Brown noted that one of the evaluators, Ross, “demonstrates just the opposite … when he offers, not on oath, to make any change to his report that the government handler requests.” And Brown said Bowman included “hearsay” in her report.

He suggests that either the statements were supposed to be witness statements, and thus violated standard court practices, or they are “nontestimonial,” and, therefore, not qualified for immunity.

“Drs. Ross and Bowman were free to mislead in their ‘expert statements’ without worry,” he contends.

Sudrovech declined to answer questions from WND about the case, referring a reporter to a media relations officer for the state Supreme Court. A request for comment to that office did not get a response.

Brown, whose Institute is dedicated to, “Rebirth of Christian chivalry that advances the culture of life by encouraging, empowering and emboldening Christians to cherish, defend and advance faith, family and freedom,” previously served as a deputy attorney general in the state of Kansas.

He was certified as acceptable by the National Board of Law Examiners and has been successful in litigation in venues from Puerto Rico to Oregon, Arizona and New York. He alleges the Indiana result was because the defendants were “involved in collusion toward the goal of violating plaintiff’s rights under the state and federal constitutions.”

Brown reported that two psychiatrists to whom he was ordered, Bryan Flueckiger and William Alexy, determined he had no issues.

He has a long history of battling for the lives of the unborn.

Several years ago, a federal judge ultimately lifted a 20-year-old injunction that regulated pro-life protests at an abortion business in Indiana and – as part of the order – canceled a demand that the advocates for life pay the abortionists’ legal fees that had ballooned to $350,000 with interest.

The ruling was from U.S. District Judge William C. Lee in the case of the Fort Wayne Women’s Health Organization operated by abortionist Ulrich Klopfer and others at 827 Webster Street in Fort Wayne.
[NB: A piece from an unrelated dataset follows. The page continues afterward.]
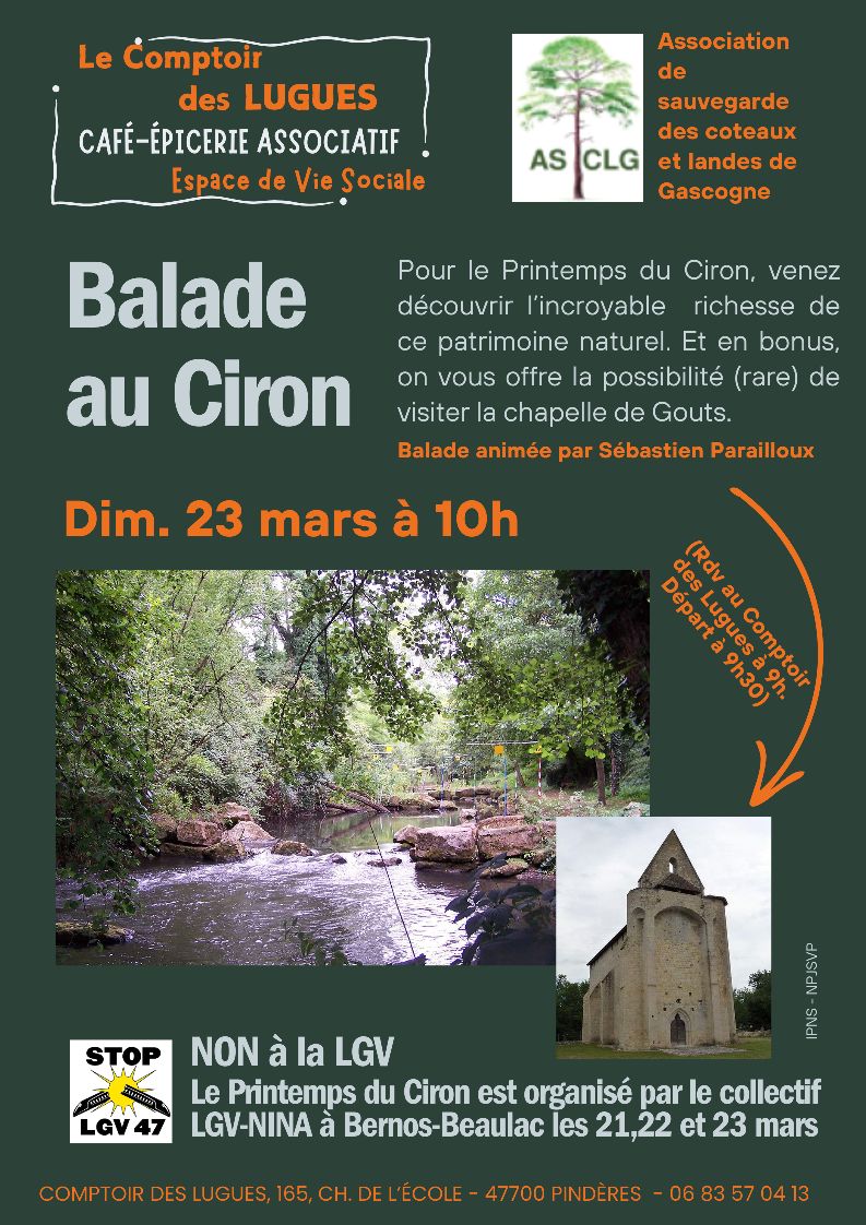Balade naturaliste au Ciron et visite de l’église Saint Clair de Gouts, dans le cadre du « Printemps du Ciron ».

The abortionist and several women who never were identified went to court against Northeast Indiana Rescue, Brown and others seeking an order to keep sidewalk counselors away from women entering the abortion business. At the time, the business also was ordered not to interfere with legal protest activities.

The case also produced an order that the pro-life defendants pay $61,000 in legal fees to the abortion business, a payment that never was made and grew to $350,000 with interest over the years.

But it was canceled after the abortion business closed and the building was sold. It now is occupied by Brown’s ArchAngel Institute.